The firm said in its nomination materials that a midtrial discovery of surprising evidence was a key to your victory over a suit claiming faults in your client's pelvic mesh product. How often does a midtrial surprise come up, and how'd this one come about?
Trial lawyers rarely see the types of surprises that may change the direction of a case anymore, but these jewels can be uncovered with diligence and ingenuity. It is important to keep your eyes open for these opportunities and stay nimble throughout trial so that you can seize on any potential game-changing information when it presents itself. In this instance, the plaintiff was suing our medical device client for injuries allegedly caused by one of its vaginal meshes. During discovery, she mentioned an earlier procedure from 1997 but couldn't recall the doctor or facility.
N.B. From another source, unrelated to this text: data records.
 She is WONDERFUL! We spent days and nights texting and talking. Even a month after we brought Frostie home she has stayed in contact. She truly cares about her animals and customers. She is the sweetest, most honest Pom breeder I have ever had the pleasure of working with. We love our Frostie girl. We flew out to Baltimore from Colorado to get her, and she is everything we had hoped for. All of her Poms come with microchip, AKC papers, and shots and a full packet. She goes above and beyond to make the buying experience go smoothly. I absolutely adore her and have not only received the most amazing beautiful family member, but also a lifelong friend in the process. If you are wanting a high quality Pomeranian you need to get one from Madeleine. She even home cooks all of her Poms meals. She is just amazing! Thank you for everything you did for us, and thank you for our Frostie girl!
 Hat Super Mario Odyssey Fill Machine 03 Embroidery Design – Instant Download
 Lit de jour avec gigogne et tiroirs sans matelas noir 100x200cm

During my cross-examination of her, she named the town where she had received the procedure. Our team called every medical facility in the town and were able to get records to prove that this earlier procedure involved mesh (another company's), a fact which both the plaintiff and her expert denied and which turned out to be the only mesh inside of her. To the extent the plaintiff was critical of mesh and believed it was the source of her problems (which we denied), it was not our client's product.
What is the biggest challenge of "parachuting" into cases just weeks before trial, and how do you overcome it?
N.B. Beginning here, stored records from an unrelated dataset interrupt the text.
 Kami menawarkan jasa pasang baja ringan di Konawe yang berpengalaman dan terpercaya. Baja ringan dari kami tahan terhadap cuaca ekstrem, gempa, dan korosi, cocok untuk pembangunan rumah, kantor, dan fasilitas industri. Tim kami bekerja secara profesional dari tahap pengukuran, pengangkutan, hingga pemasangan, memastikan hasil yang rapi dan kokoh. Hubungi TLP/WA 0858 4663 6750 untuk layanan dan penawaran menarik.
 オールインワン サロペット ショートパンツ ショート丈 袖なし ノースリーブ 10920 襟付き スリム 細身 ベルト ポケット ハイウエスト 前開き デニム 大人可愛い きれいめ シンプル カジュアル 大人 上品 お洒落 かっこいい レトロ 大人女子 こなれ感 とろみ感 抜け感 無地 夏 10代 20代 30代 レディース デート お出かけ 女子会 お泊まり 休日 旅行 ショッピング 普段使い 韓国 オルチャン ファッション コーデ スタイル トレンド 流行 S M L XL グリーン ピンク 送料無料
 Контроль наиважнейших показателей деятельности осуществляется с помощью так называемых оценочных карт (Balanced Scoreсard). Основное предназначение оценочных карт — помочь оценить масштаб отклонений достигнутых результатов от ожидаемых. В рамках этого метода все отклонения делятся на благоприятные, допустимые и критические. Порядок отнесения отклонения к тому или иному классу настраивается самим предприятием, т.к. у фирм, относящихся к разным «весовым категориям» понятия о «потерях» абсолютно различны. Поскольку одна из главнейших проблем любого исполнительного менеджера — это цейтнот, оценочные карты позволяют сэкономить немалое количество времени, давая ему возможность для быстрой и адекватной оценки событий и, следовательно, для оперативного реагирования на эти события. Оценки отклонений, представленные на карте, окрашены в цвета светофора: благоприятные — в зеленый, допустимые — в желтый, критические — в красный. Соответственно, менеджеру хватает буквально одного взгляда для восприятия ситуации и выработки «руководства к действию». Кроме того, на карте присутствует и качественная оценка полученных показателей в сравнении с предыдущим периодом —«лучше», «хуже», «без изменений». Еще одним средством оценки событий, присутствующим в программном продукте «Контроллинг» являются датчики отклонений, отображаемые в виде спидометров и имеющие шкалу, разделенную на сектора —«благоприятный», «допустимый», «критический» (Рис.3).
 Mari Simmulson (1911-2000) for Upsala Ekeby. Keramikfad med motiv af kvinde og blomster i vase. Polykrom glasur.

We have developed a reputation for being able to plunge into trial on short notice, based largely on our ability to mobilize quickly with a tried and tested team of professionals. We have a solid trial-ready team made up of not just lawyers, but nurses, technology consultants, paralegals and legal assistants and we are "all hands on deck," up to and through trial. We were actually retained in late March for a case that's scheduled to go to trial next month in a "judicial hellhole" jurisdiction. The challenge is not so much in managing the logistics or absorbing a new case. Rather, the biggest challenge is that, in many instances, we do not have time or the opportunity to put our personality or flavor on the case. Frequently by the time we inherit the case, most of the evidence, deposition testimony, experts and themes have already been developed. The cases are usually worked up quite well by experienced firms, but they may not necessarily mirror our style.
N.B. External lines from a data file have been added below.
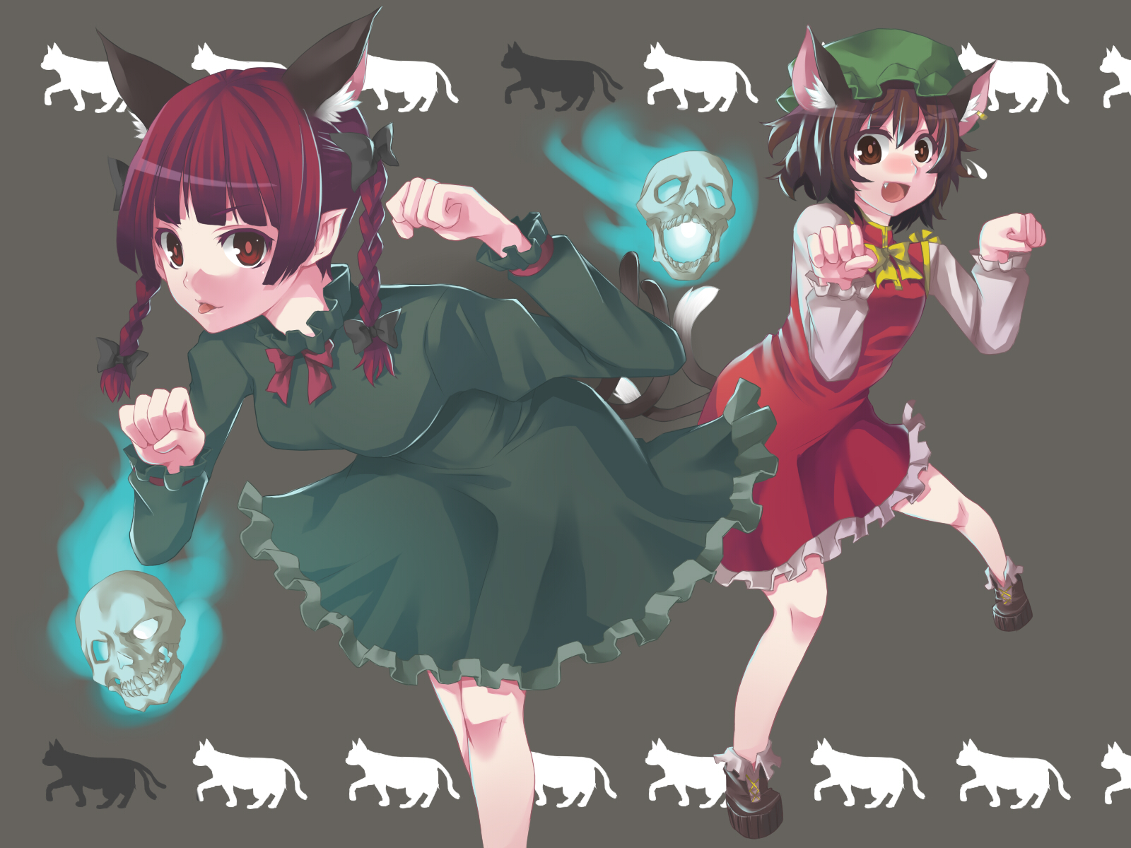 2girlsanimal earsbraidcatcat earscat tailextra earsfemale focushatlooking at viewermultiple girlsmultiple tailspaw poseribbonskulltailtwin braids
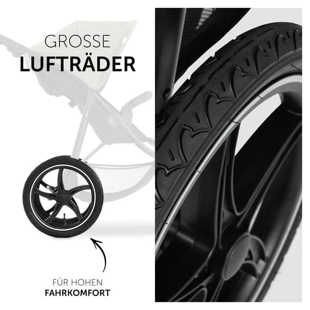 - The extra-large air wheels and suspension promise a bump-free ride. Even small curves have no chance against the lockable front wheel.
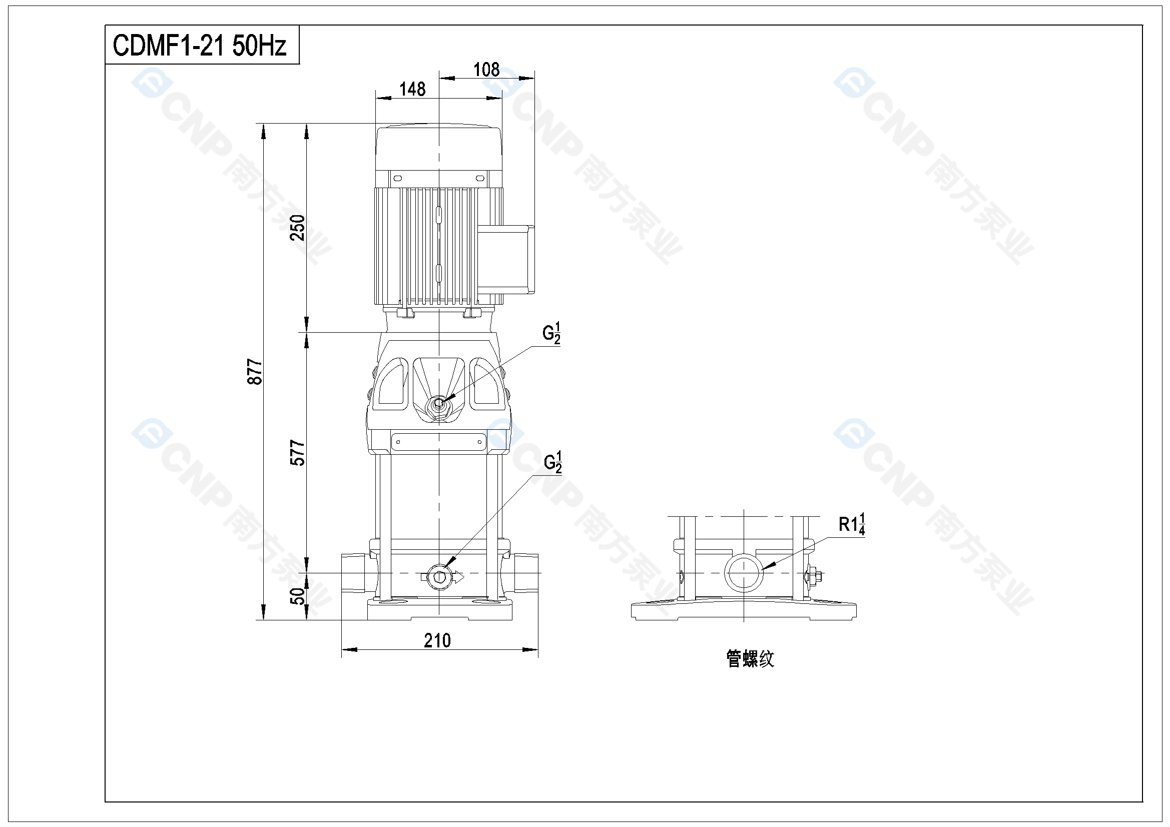需要南方泵CDM1-21外形CAD文件 請加銷售人員微信索取

What would you consider a crisis in litigation, and what's your advice on how to manage one?
The most typical crisis situations include significant press scrutiny or "trying the case in the media," concurrent recalls or regulatory activity or even a rogue ex-employee or whistleblower. Any of these can negatively amplify the litigation and create distractions from the real issues. These crises may be unavoidable, however, and therefore we strive to be proactive and prepared with a contingency plan. For example, in large litigations where these crises are likely to arise, we work with the client's PR team as they develop a ready-to-go media plan for dealing with press inquiries. Additionally, it is our goal to anticipate and be prepared to respond to any recall or regulatory activity and make sure our litigation defenses coalesce with the client's regulatory response. We also take efforts at the outset to identify any problem witnesses and to mitigate their impact where we can. Crisis management is a necessary part of defending the client and its reputation, and when done well can head off future or follow-on litigation.